An interesting bit of trivia about the Burrows-Wheeler transform is that it was rejected when submitted to a conference for publication, and so citations just point to a DEC technical report, rather than a journal or conference article.

moribvndvs - 3 days ago

For some reason I was really getting lost on step 2, “sort” it. They mean lexicographically or “sort it like each rotation is a word in the dictionary, where $ has the lowest character value”. Now that I see it, I’m a little embarrassed I got stuck on that step, but hopefully it helps someone else.

lancefisher - 3 days ago

This is a good article and a fun algorithm. Google made a great series of compression videos a while ago - albeit sometimes silly.
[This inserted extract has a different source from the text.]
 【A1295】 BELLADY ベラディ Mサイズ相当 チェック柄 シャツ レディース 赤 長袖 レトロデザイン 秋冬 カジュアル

For the Burrows-Wheeler one they interviewed Mike Burrows for some of the history. https://youtu.be/4WRANhDiSHM

username223 - 3 days ago

Does anyone else remember when Dr. Dobb's Journal wrote about stuff like this? https://web.archive.org/web/20040217202950/http://www.ddj.co...

foobarian - 3 days ago

The unintuitive part of BWT to me was always the reverse operation, which was the only thing the post didn't give intuition for :-)

raboukhalil - 3 days ago

Author here, nice to see the article posted here! I'm currently looking for ideas for other interactive articles, so let me know if think of other interesting/weird algorithms that are hard to wrap your head around.

kvark - 3 days ago

I've spent years playing with BWT and suffix sorting at school (some work can be found be names of archon and dark). It's a beautiful domain to learn!
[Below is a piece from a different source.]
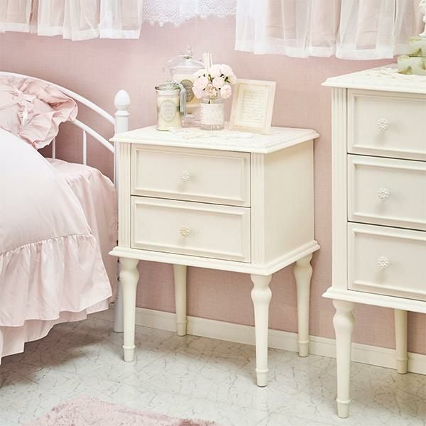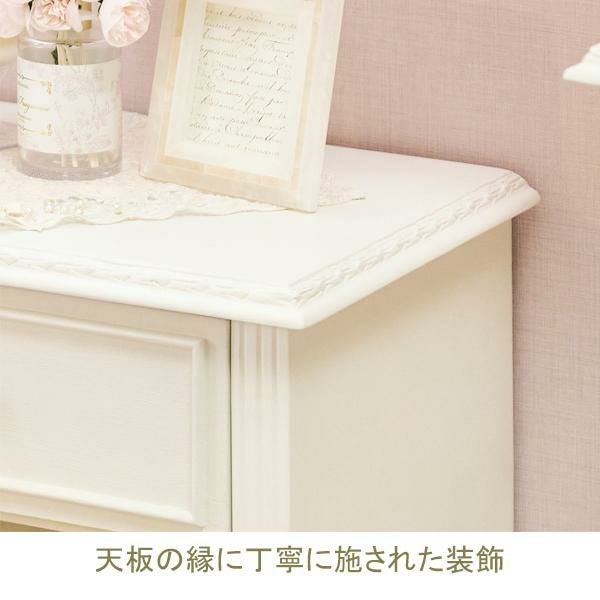 天板縁に施されたアンティークのような繊細な彫刻が特徴のサイドチェスト。ベッドサイドやソファの横に。

Now I'm wondering: in the era of software 2.0, everything is figured out by AI. What are the chances AI would discover this algorithm at all?

kragen - 2 days ago

This page looks very nice indeed!

This doesn't follow the original paper very closely, although I think the device of putting an end-of-string marker into the data instead of including the start index as a separate datum is an improvement over the original algorithm. My own "explorable explanation" of the algorithm, at http://canonical.org/~kragen/sw/bwt, is visually uglier, and is very similar to this page in many ways, but it may still be of some interest: it follows the original paper more closely, which is likely to be useful if you're trying to understand the paper. Also, I used an inverse-transform algorithm that was efficient enough that you could imagine actually using in practice, while still being easy to explain (from the original paper)—but, like the page linked, I didn't use an efficient suffix-array-construction algorithm to do the forward transform. I did link to the three that have been discovered.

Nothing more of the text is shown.